◆ **What you should do**
Without any pictures, print exactly the lines that run from the start of the data through the line containing "Вот вид на потолок".

◆ **Given information**

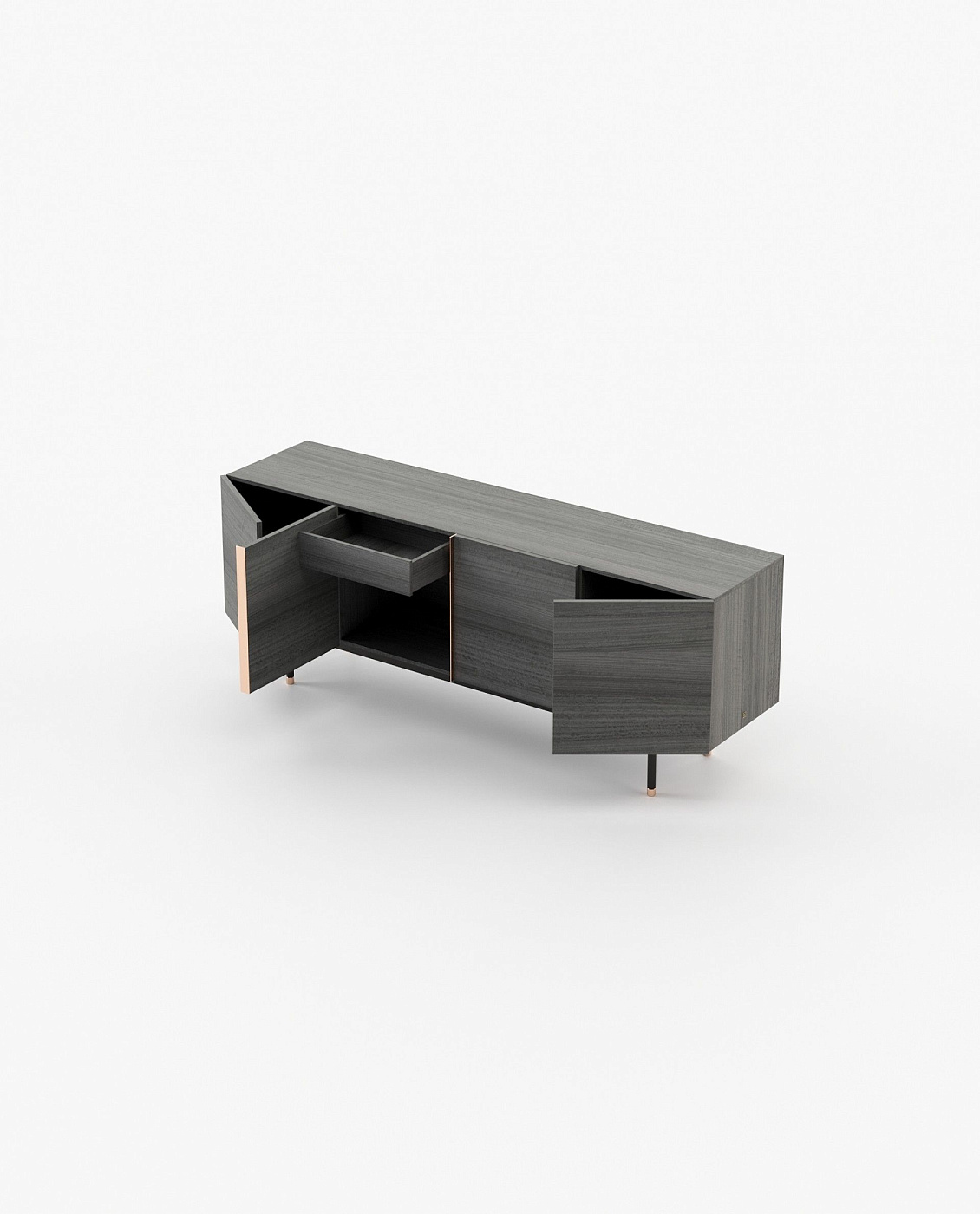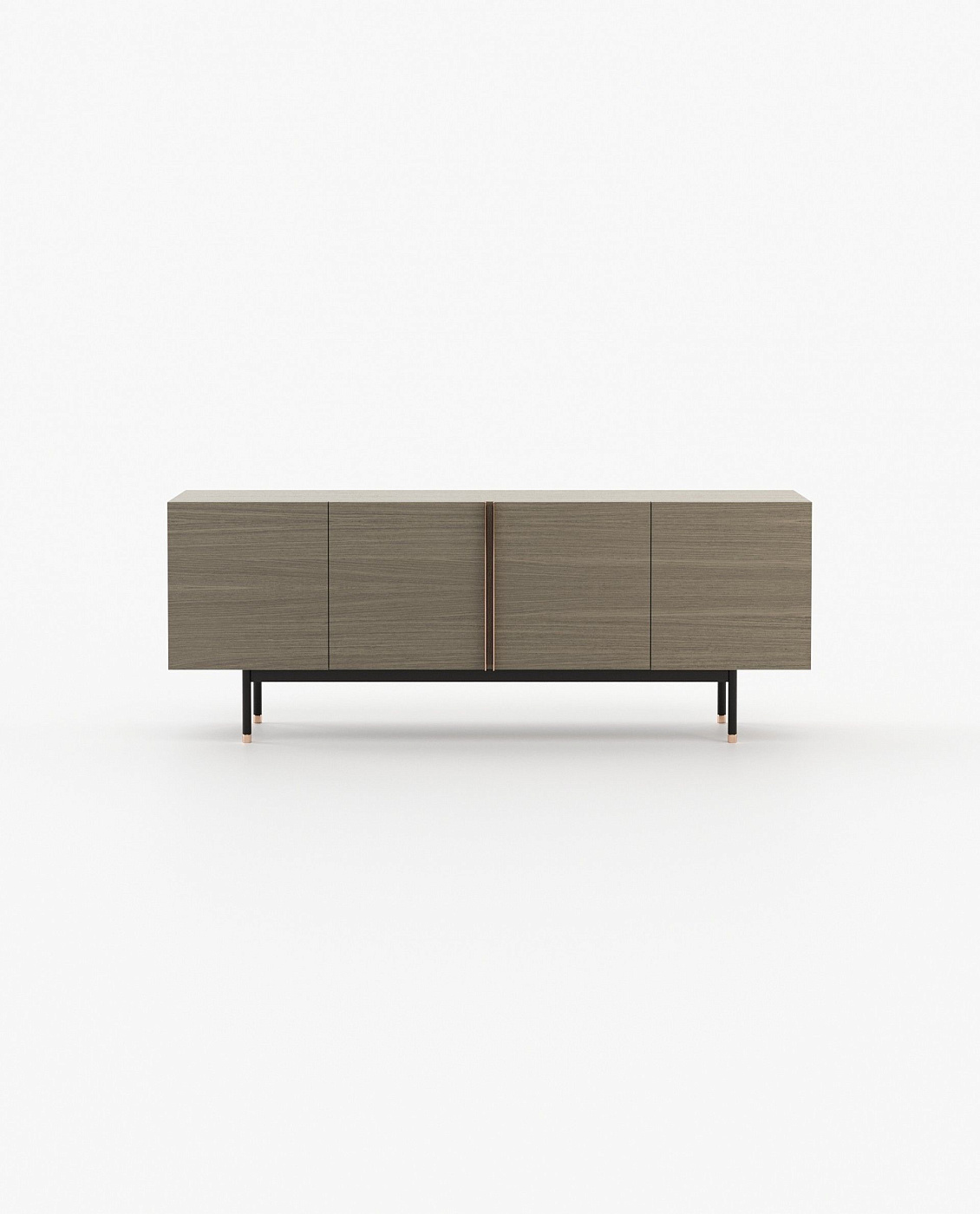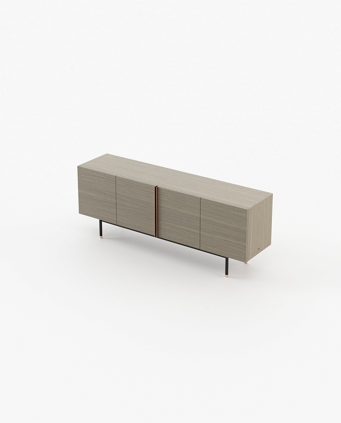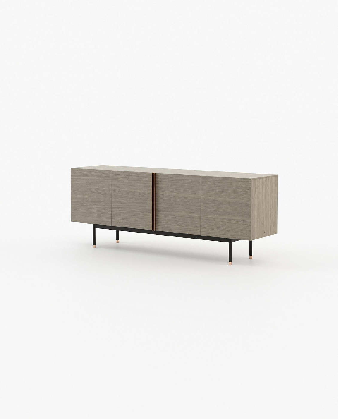 Буфет Cuba - это современное решение для хранения вещей, имеющее четыре дверцы с защелками и один внутренний выдвижной ящик.
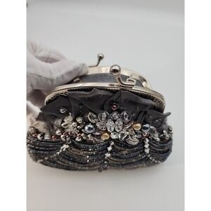 Vintage grey silver Mary Frances rhinestone beaded evening purse
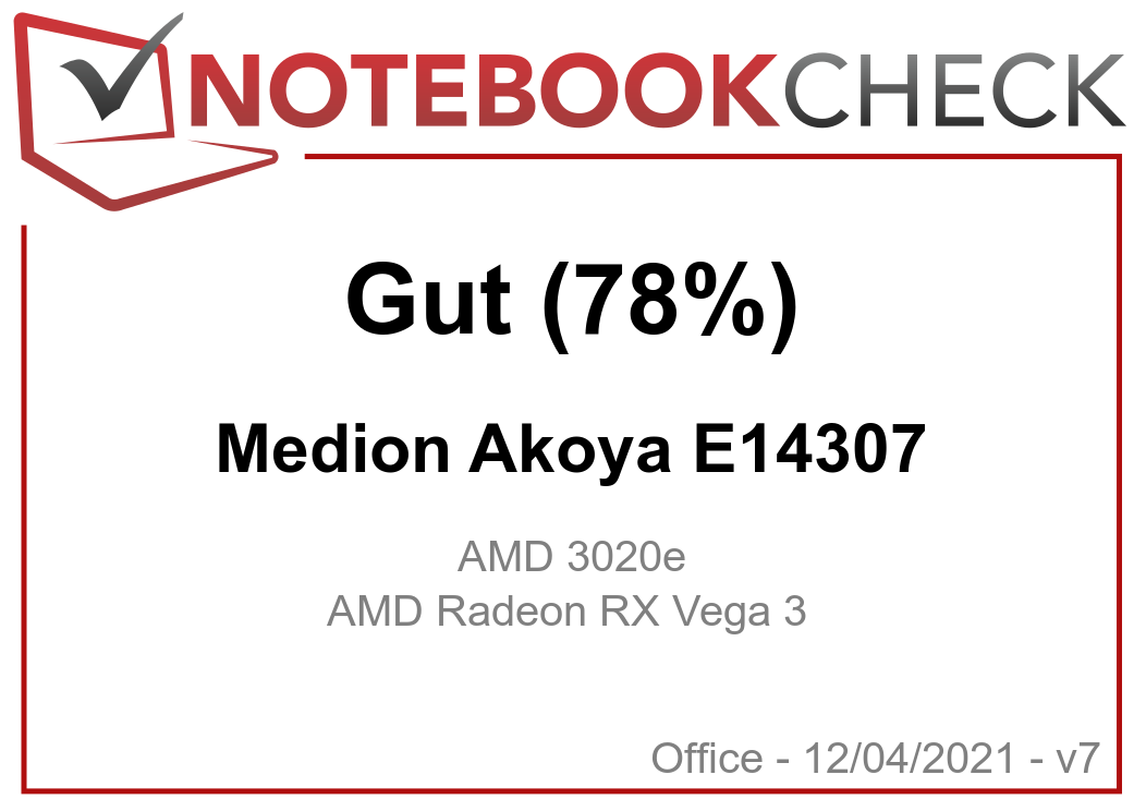 | 78.4 % v7 (old) | 04 / 2021 | Medion Akoya E14307 3020e, Vega 3 | 1.5 kg | 18 mm | 14.00" | 1920x1080 | |
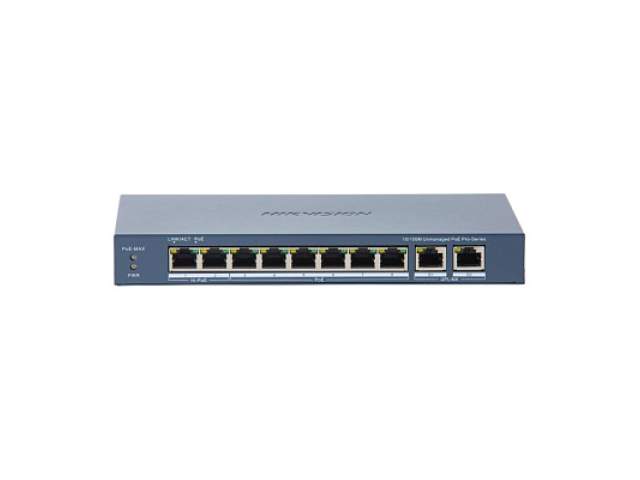 - 8 портов 10/100 Мбит/с с поддержкой PoE для подключения устройств и 2 гигабитных Uplink-порта (10/100/1000 Мбит/с) для связи с видеорегистратором или ядром сети.
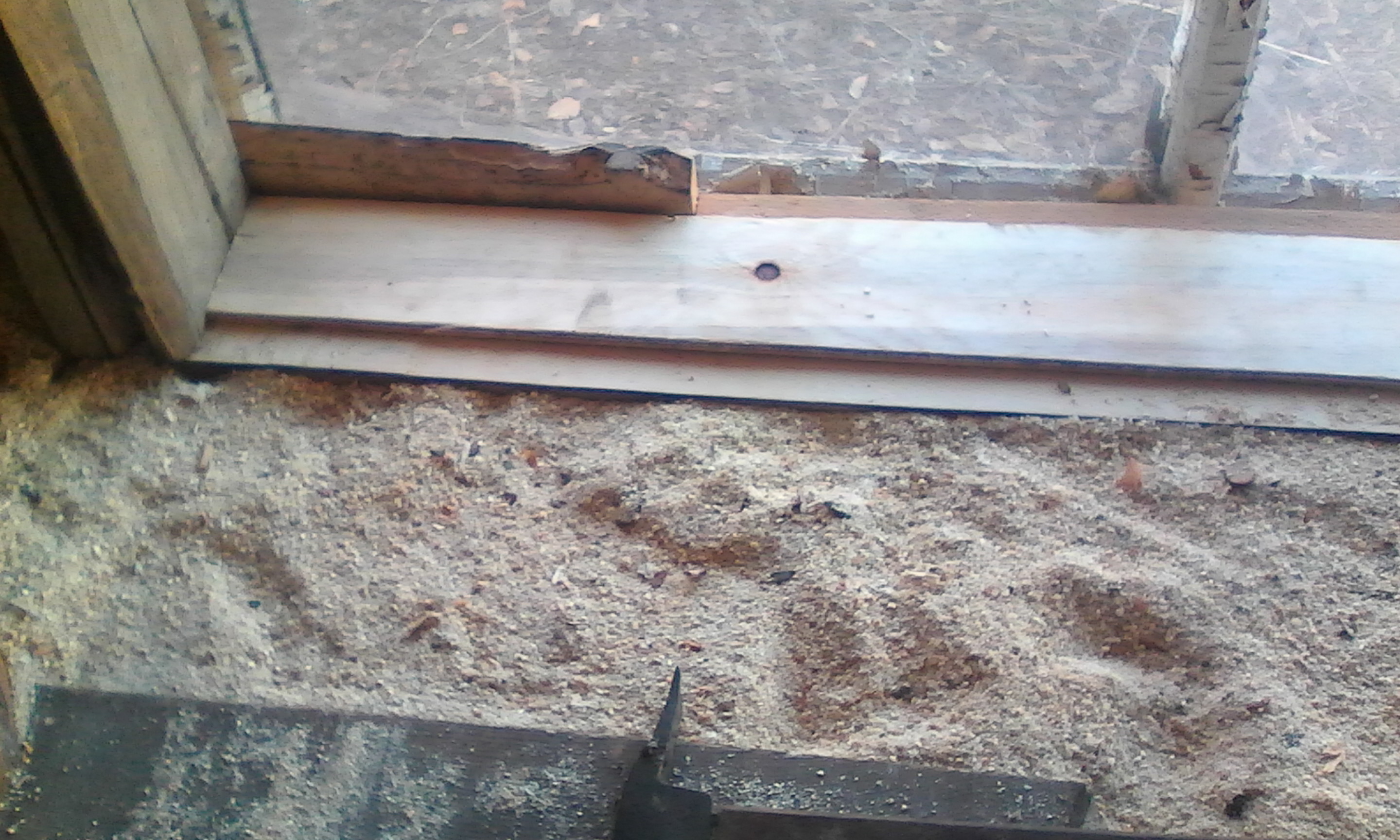 Вот вид на потолок с низу по периметру потолка зашито фанероу а середина голые доски над которыми опилки
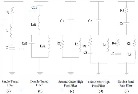 In recent years, there have been serious concerns regarding the quality of available power in electrical networks, making this issue a significant focus of research interest for both suppliers and users. Power system harmonics are considered one of the most important issues because of their reduction in power quality in power systems [1,2,3]. This is due to the widespread nonlinear loads exhibited across different appliances (such as variable frequency drives and switching mode power supplies), which can result in distortion currents with a frequency greater than the fundamental frequency. These harmonics can have detrimental effects on other components of the power system across all electrical sectors. Some of these effects are immediate (i.e., noise, interference, and control circuits, etc.) while others are long-term (i.e., heating due to extra power losses, damage). Furthermore, they lead to the degradation of the load power factor and higher transmission line losses, and thus contribute to a reduction in the efficiency of the transmission network. Thus, it is clear that harmonic levels should be minimized by all participants in the electrical grid [4,5,6,7]. There are different approaches to mitigating the effects of harmonics problems, such as load conditioning, which ensures that the electrical equipment is less sensitive to power disturbances. Other approaches used involve adding filters to the line power system, either in series or shunt connections. Harmonic mitigation techniques such as the K-factor transformer and shifting transformer are also applied in order to limit the power quality problem [8,9,10]. Industrial electrical systems contain the majority of medium- to high-powered contaminant sources, often in the form of static power converters and electric arc furnaces. In such systems, single objective filter solutions are usually preferred, to attempt to comply with the relevant power quality standards while incurring the least costs [11]. Adding harmonic filters (passive and/or active) is the most frequently used approach [12,13,14,15,16]. Further, passive filters are deemed to be the most effective and viable solution for mitigating harmonics in power systems. Therefore, they are broadly used in transmission and distribution power systems due to their simple design, cost effectiveness, simplicity in maintenance, and high reliability. Passive filters are characterized by having a dual purpose, reducing current harmonics and correcting the power factor (PF). Therefore, they have been recommended for reducing nonlinear current loads, especially for existing industrial users [6,17,18]. On the other hand, employing passive filters may introduce resonance into the power system; thus, they should be designed such that they are safely located away from existing power harmonics [19,20]. Passive filters can be classified into two general categories, namely (i) tuned passive filters, (single-tuned or double-tuned filters) and (ii) high-pass passive filters. These filters typically have two types of connection, either in series, which presents a high-impedance series path, or as shunt, which presents a low-impedance path. In this context, a shunt connection is generally preferred and used more often for harmonics reduction than the series connection due to its ability to support a range of voltages while also compensating reactive power at the fundamental frequency [2,6,21]. Figure 1 presents several configurations of shunt passive harmonic filters [17].
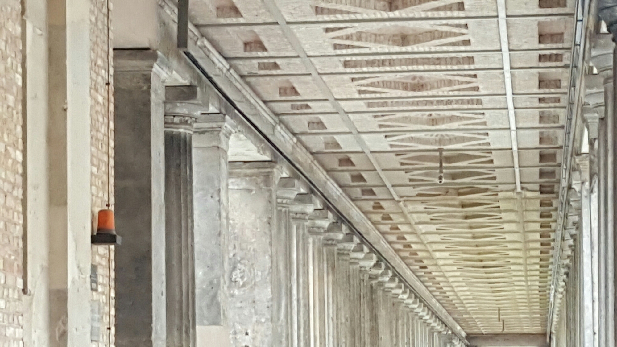 We went to the Neues Museum, Friedrich Stüler’s great classical building on the banks of the river Spree, bombed in the war and left semi-derelict until its reconstruction was announced in September 1989, just before the Wall came down. An international competition was then held in 1994. A second competition in 1997 was won jointly by David Chipperfield and Julian Harrap, working in combination and following the brief to retain as much as possible of the original building. We started looking at the exterior – the way that the new and the old are knitted together where the original building was bombed:-
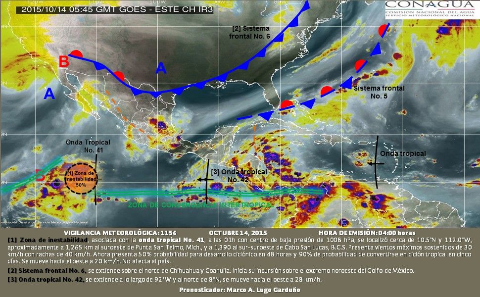 Se espera el desarrollo de nublados con potencial de precipitaciones puntuales fuertes en Jalisco, Michoacán y Guerrero; de menor intensidad en Baja California, Baja California Sur, Sonora, Chihuahua, Aguascalientes, Zacatecas, Durango, Sinaloa, Nayarit, Colima, Guanajuato, Estado de México, Morelos y Distrito Federal.
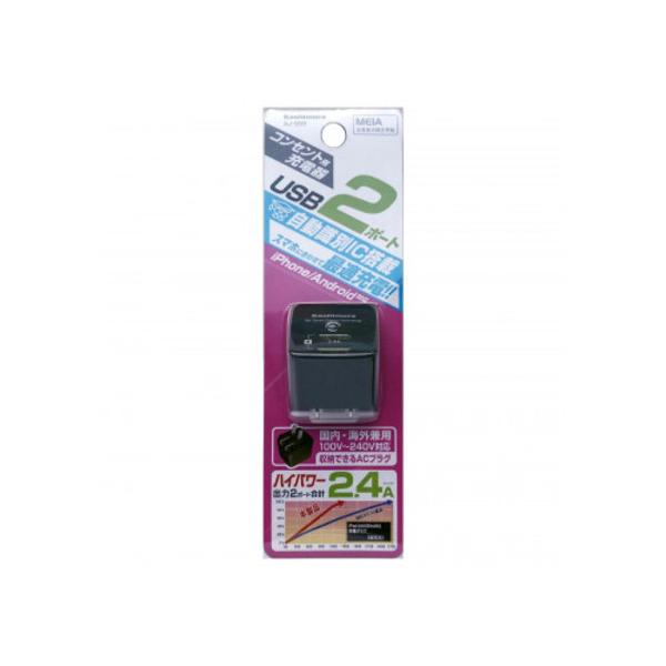 AC充電器 2.4A USB2P IC ブラック AJ-555 |b03
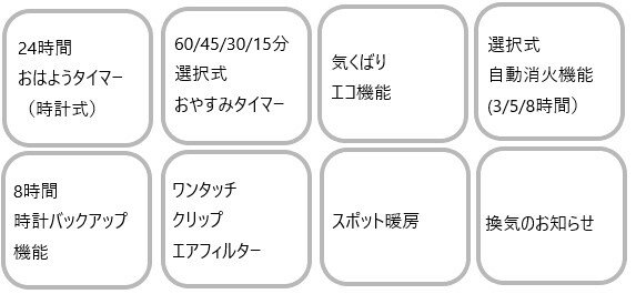 リンナイガスファンヒーター こちらの商品は都市ガス用です。 外形寸法(mm)高さ435×幅480×奥行168 (205) mm 質量(kg)7.9kg 色WH 暖房の目安 [木造] 15畳 [コンクリート] 21畳まで 暖房能力5.81kW (5,000kcal/h) 電源AC100V 50-60Hz (電源コード長さ2m) 消費電力17W 待機時消費電力0.7W 運転音40dB (A) ガス接続専用ガスコード(別売) タイマー[おはよう] 24時間タイマー (時計式) [おやすみ] 60/45/30/15分選択式おやすみタイマー 機能一覧・気くばりエコ機能 ・選択式自動消火機能(3/5/8時間) ・8時間時計バックアップ機能 ・ワンタッチクリップエアフィルター ・スポット暖房 ・フィルターサイン ・不完全燃焼防止装置 ・転倒時ガス遮断装置 ・ロックスイッチ ・ガスコード確認カバー ・換気お知らせ 特長1) 除菌イオン(第7.5世代プラズマクラスター)を搭載して、快適な室内空間をつくります 2) 立ち上がり時に約8%能力を大きくして暖房を行う「急速暖房」機能を搭載しています。 (最大約15分間) 3) 暖房能力を固定して運転する“スポット暖房運転”を搭載します。 4) お部屋の暖めすぎを防ぎ、効率よく暖房をおこなうエコ機能を搭載しています。 さらに、春先や秋口など比較的暖かいときは、エコを早めに効かせて、無駄な暖めすぎを防ぎ、エコ効 果を高めます。 5) 着脱のしやすいクリップ式のエアフィルターを搭載しています。 6) 1時間に1回、ブザーとランプで換気の必要性をお知らせする“換気お知らせ機能(換気サイン)” を搭 載しています。 7) 24時間時計式おはようタイマーを搭載しています。(8時間バックアップ機能付) 8) 15/30/45/60分を選択できるおやすみタイマーを搭載しています。 9) 3/5/8時間の選択式自動消火機能付です。 10) 設定室温は、L(10℃)・12℃〜26℃・H(50℃)の範囲で設定できます。 11) 小さなお子さまのいたずらや、誤ってスイッチを押しても作動しないように、ロック機能を搭載していま す。(∨∧スイッチ同時押し) 12) 環境配慮型商品として、鉛フリーはんだを採用します。 13) スイッチを押した時や安全装置が作動した時などにブザーでお知らせします。 14) サービスメンテ性向上のため、故障履歴及び積算燃焼時間、積算燃焼回数の記憶機能付です。熱電 対の出力及び過熱防止装置の温度を操作部に表示することができます。 15) ガスコードによる正しいガス接続を確認するためのガスコード確認カバーを付属しています。
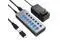 KAGO Powered USB Hub 3.0 with ac Adapter -7 USB 3.0 Data Transfer Ports, 4 Charging Ports with Individual On/Off Switches, Power Adapter Included
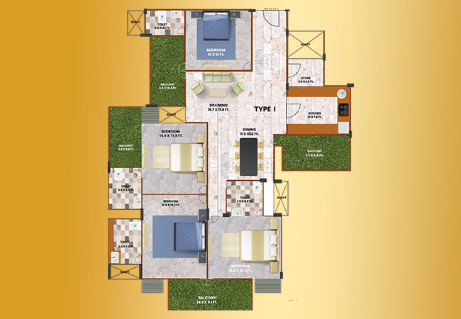 3.0 BHK+3T | 1460 Sq.ft. (Built Up) |

◆ **Output of the task**
 Буфет Cuba - это современное решение для хранения вещей, имеющее четыре дверцы с защелками и один внутренний выдвижной ящик.
 Vintage grey silver Mary Frances rhinestone beaded evening purse
 | 78.4 % v7 (old) | 04 / 2021 | Medion Akoya E14307 3020e, Vega 3 | 1.5 kg | 18 mm | 14.00" | 1920x1080 | |
 - 8 портов 10/100 Мбит/с с поддержкой PoE для подключения устройств и 2 гигабитных Uplink-порта (10/100/1000 Мбит/с) для связи с видеорегистратором или ядром сети.
 Вот вид на потолок с низу по периметру потолка зашито фанероу а середина голые доски над которыми опилки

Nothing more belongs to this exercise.